The EU appears to be taking the lead, with the EU AI Act proposing that AI tools will have to disclose any copyrighted material used to train their systems.
In the UK, a global summit on AI safety will take place this autumn.
“AI throws up lots of intellectual property queries and because machines are trained on a lot of data and information that’s protected by intellectual property, I’m not sure users or AI [companies] understand that,” says Arty Rajendra, an IP lawyer and partner at law firm Osborne Clarke.
“Courts haven’t been asked to determine it yet but there’s several cases in the UK and US including Getty now which will determine if it is infringement and who is liable. There’s data protections and moral questions that have to be answered as well. What we might see is some kind of settlements, and maybe some licence fees.”
She says there has been a number of ligation cases from photographers using small claims tracks.
So what can other artists do in the meantime?
Ms Rajendra explains that the giant photography firm Getty watermarked its images. So, when used in AI generative images, the watermark still shows up and it enables them to track usage of their images.
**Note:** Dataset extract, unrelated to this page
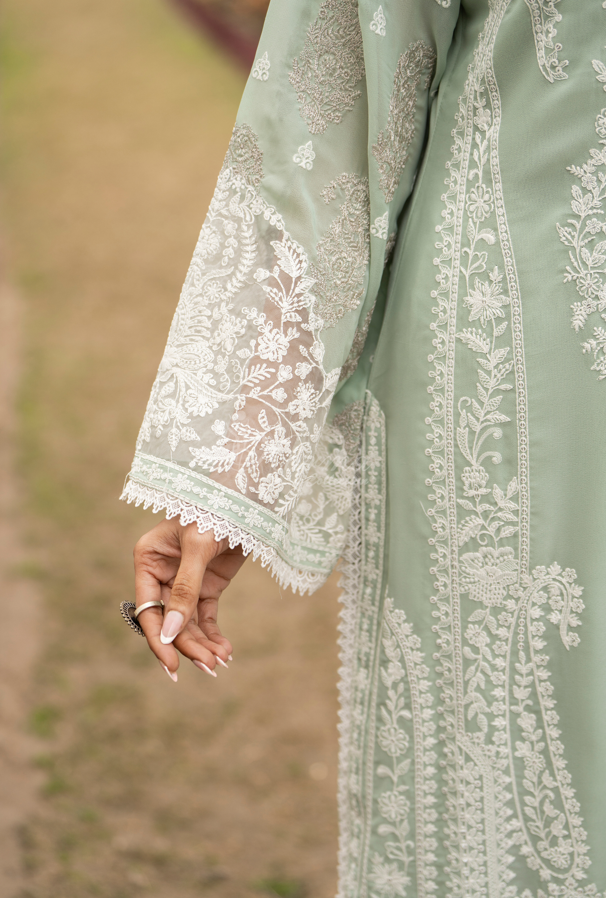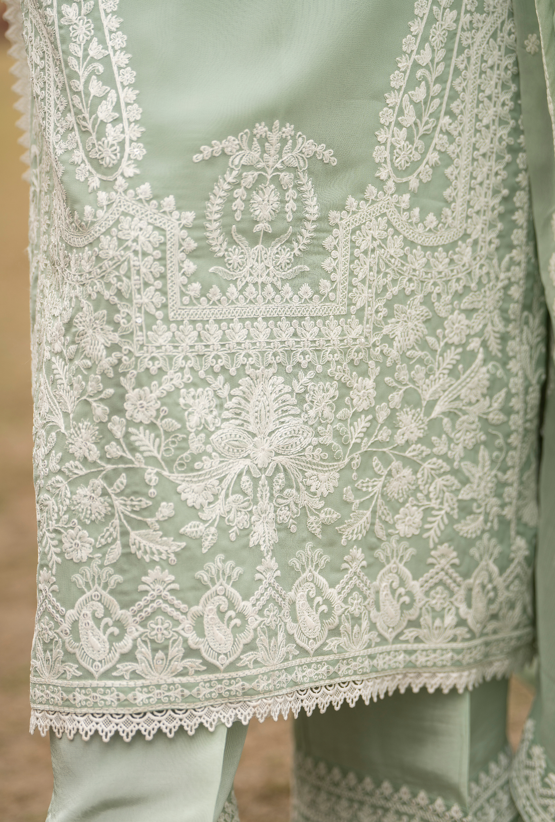 Georgette Long Shirt with Matte Thread Embroidery and Lace on Chalk

She says artists could do the same.
Artists could also approach the AI entity and ask for a license fee and if they don’t’ agree they could pursue legal action through a small claims tracker which is cheaper than a fancy law firm, she says.
While regulators play catch up, some tools are emerging to help protect artists.
In March, Ben Zhao, professor of computer science at the University of Chicago and his team launched a free software tool called Glaze to help protect artists against generative AI models.
Glaze exploits a fundamental difference between how humans and AI models view images, says Prof Zhao.
“For each image, we are able to compute a small set of pixel level changes that dramatically change how an AI art model “sees” the art while minimizing visual changes to how humans see the art,” he says.
“When artists glaze their art, and that art is then used to train a model to mimic then the model sees an incorrect representation of the art style, and its mimicry would be useless and not match the artist.”
He says Glaze is suitable for a wide range of art including black and white cartoons, classical oil paintings, flat art styles, and professional photography.
He says Glaze has had 938,600 downloads and the team have received thousands of emails, tweets, messages from artists across the globe. “The reaction has been overwhelming,” he says.
Ms Toorenent is feeling optimistic that artists may just win this fight. “I was pretty scared at the start due to the amount of online harassment but because we united and have good support network to all this mess.
“I know we’re moving in right direction. Public opinion has changed a lot. Originally people were saying ‘adapt or die’, and now everyone like ‘oh wait, this isn’t cool’.”